:: INFORMATION SHOWN ::
- - -

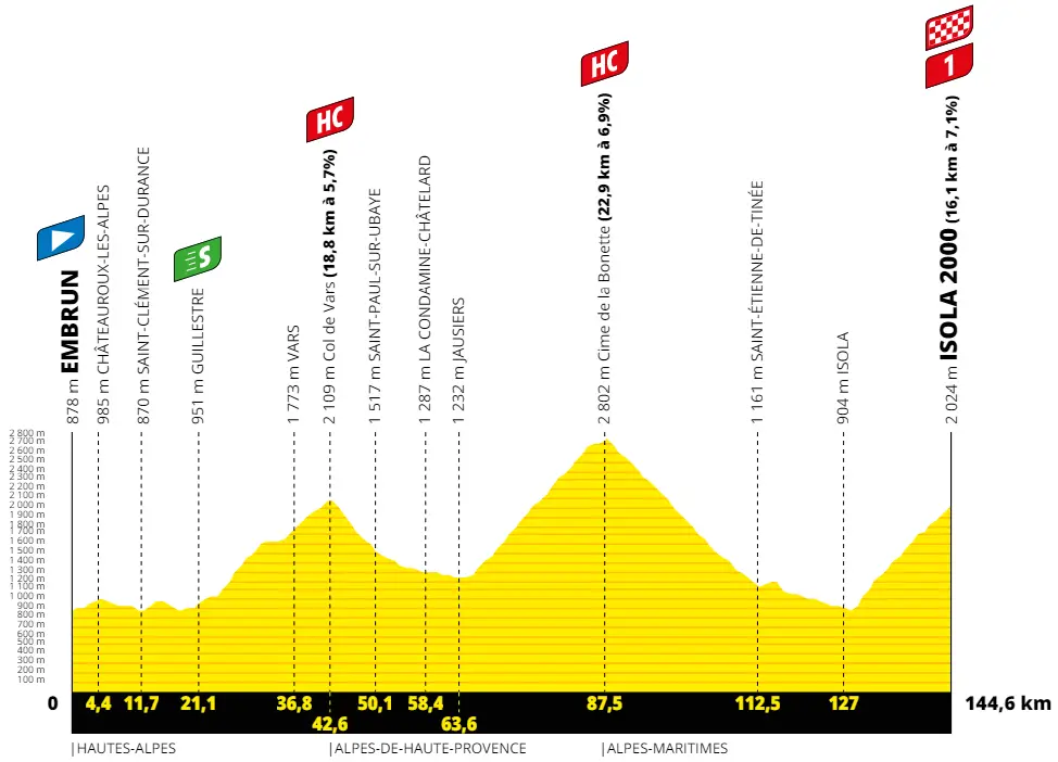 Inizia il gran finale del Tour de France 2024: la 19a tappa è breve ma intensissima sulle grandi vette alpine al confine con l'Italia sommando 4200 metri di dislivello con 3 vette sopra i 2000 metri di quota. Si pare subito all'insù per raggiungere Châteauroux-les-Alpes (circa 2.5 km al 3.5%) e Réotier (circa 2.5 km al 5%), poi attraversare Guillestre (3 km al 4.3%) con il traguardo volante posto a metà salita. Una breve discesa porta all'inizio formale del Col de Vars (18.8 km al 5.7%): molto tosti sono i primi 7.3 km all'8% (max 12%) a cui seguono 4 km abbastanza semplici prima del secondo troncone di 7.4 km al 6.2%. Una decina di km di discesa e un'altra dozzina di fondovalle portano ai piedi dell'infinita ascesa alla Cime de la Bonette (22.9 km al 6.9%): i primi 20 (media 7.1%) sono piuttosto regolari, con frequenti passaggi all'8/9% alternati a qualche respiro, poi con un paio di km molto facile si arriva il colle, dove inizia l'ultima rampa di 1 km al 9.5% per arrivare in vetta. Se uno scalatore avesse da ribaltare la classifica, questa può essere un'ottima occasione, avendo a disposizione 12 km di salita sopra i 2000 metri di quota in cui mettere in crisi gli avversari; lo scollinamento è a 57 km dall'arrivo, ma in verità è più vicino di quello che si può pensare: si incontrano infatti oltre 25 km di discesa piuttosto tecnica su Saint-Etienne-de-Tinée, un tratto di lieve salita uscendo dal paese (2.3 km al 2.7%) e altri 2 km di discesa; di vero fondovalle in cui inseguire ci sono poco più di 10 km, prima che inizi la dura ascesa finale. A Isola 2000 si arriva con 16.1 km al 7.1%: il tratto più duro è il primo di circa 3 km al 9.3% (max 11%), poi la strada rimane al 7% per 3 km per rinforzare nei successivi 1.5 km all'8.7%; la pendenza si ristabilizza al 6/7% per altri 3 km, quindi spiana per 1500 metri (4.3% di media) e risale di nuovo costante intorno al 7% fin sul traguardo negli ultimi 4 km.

- - -

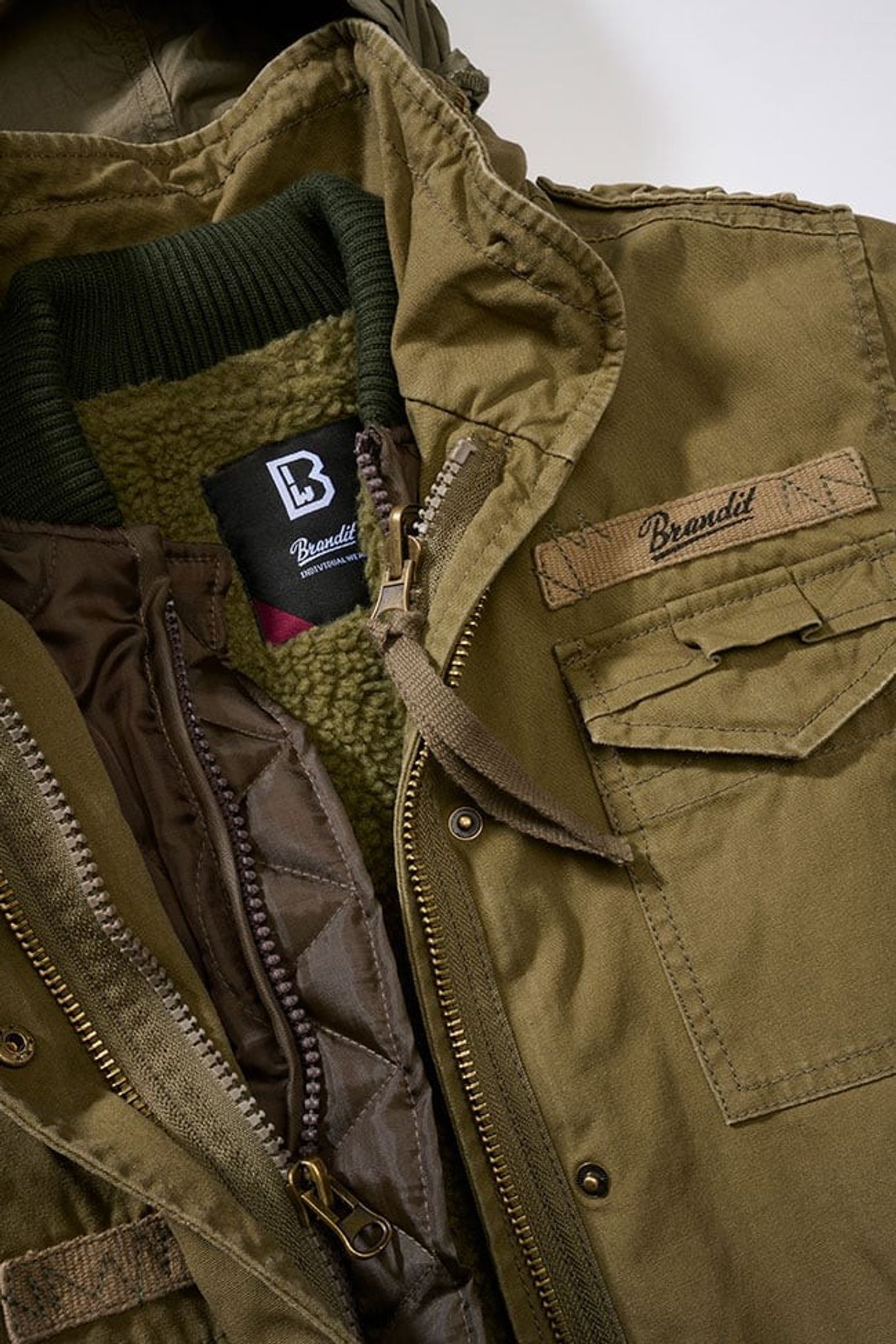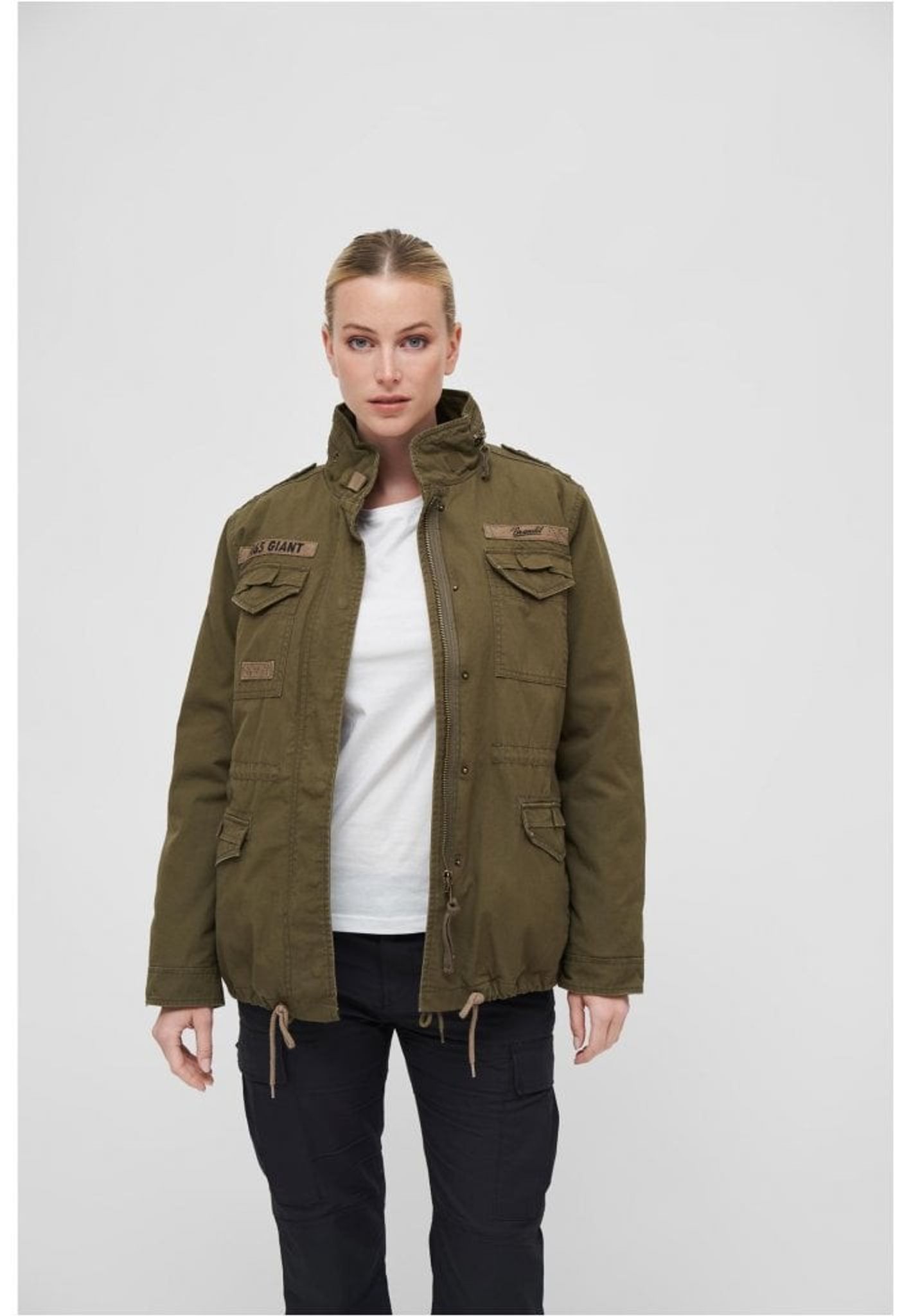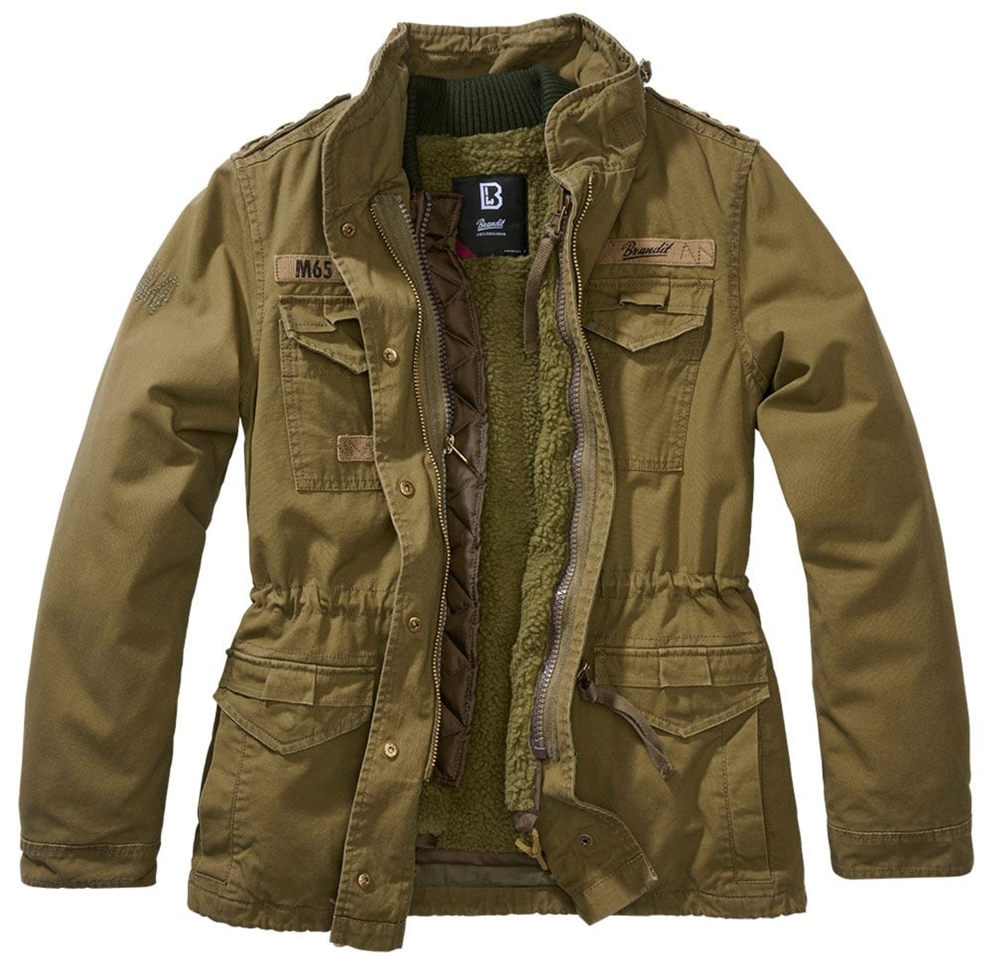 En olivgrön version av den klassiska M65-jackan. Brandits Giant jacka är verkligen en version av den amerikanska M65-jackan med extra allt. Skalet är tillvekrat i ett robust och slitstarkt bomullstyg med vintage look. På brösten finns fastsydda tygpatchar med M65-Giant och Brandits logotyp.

- - -

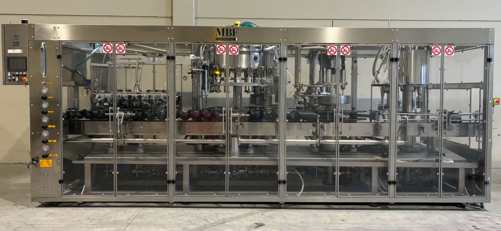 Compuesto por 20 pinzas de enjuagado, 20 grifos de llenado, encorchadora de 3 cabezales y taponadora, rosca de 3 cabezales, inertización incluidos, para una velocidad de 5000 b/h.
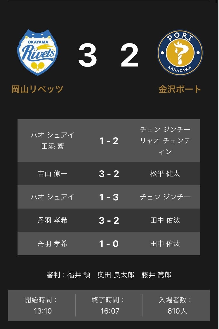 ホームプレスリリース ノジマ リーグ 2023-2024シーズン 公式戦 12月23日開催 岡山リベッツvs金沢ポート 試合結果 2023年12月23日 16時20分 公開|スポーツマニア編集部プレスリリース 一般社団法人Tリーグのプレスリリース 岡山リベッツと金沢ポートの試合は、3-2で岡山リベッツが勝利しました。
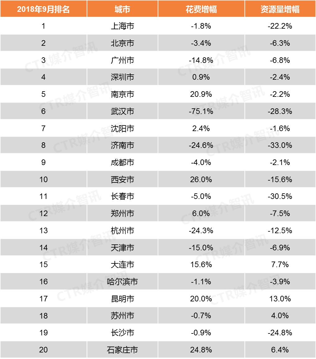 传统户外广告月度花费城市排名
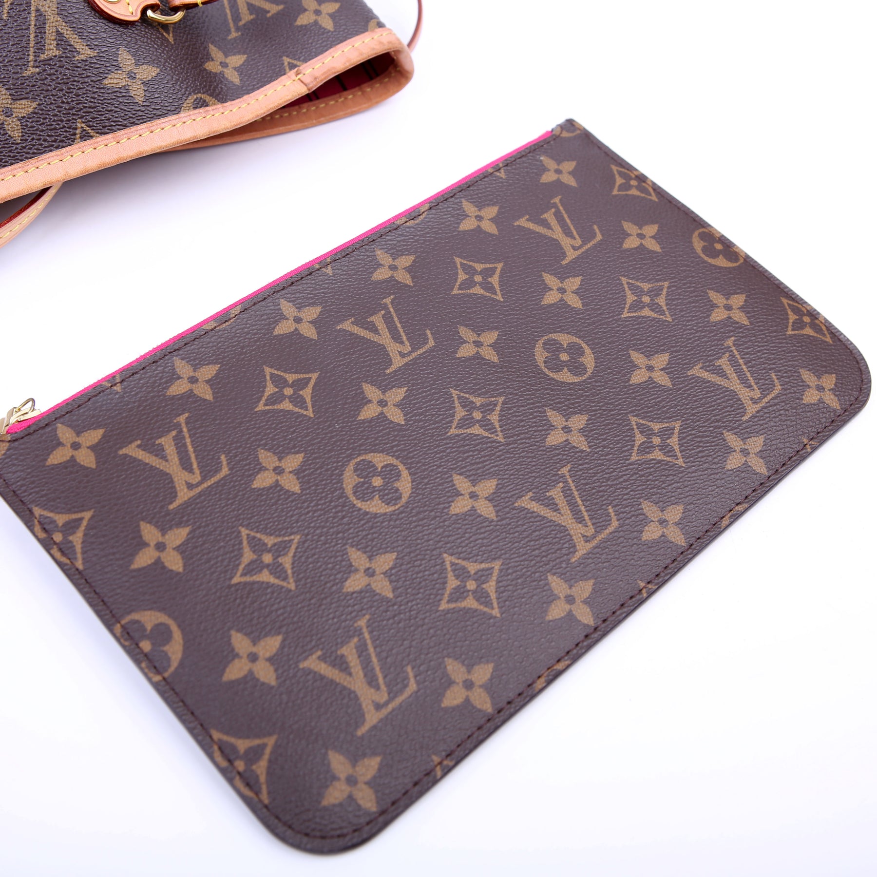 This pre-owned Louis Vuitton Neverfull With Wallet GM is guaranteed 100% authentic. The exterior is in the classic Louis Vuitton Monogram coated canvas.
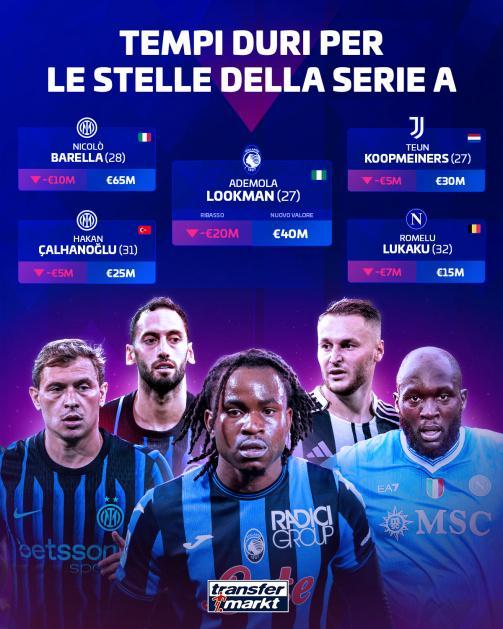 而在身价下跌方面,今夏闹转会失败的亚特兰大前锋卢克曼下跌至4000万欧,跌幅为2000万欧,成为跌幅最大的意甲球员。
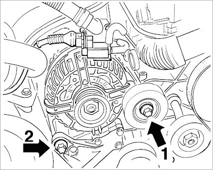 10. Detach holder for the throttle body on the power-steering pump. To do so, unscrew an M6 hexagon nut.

- - -

:: REQUIRED ACTION ::
Starting with the line that contains "而在身价下跌方面,今夏闹转会" and finishing with the line that contains "10. Detach holder", reproduce every line of the material above exactly, but not the pictures.

:: WRITTEN ANSWER ::
 而在身价下跌方面,今夏闹转会失败的亚特兰大前锋卢克曼下跌至4000万欧,跌幅为2000万欧,成为跌幅最大的意甲球员。
 10. Detach holder for the throttle body on the power-steering pump. To do so, unscrew an M6 hexagon nut.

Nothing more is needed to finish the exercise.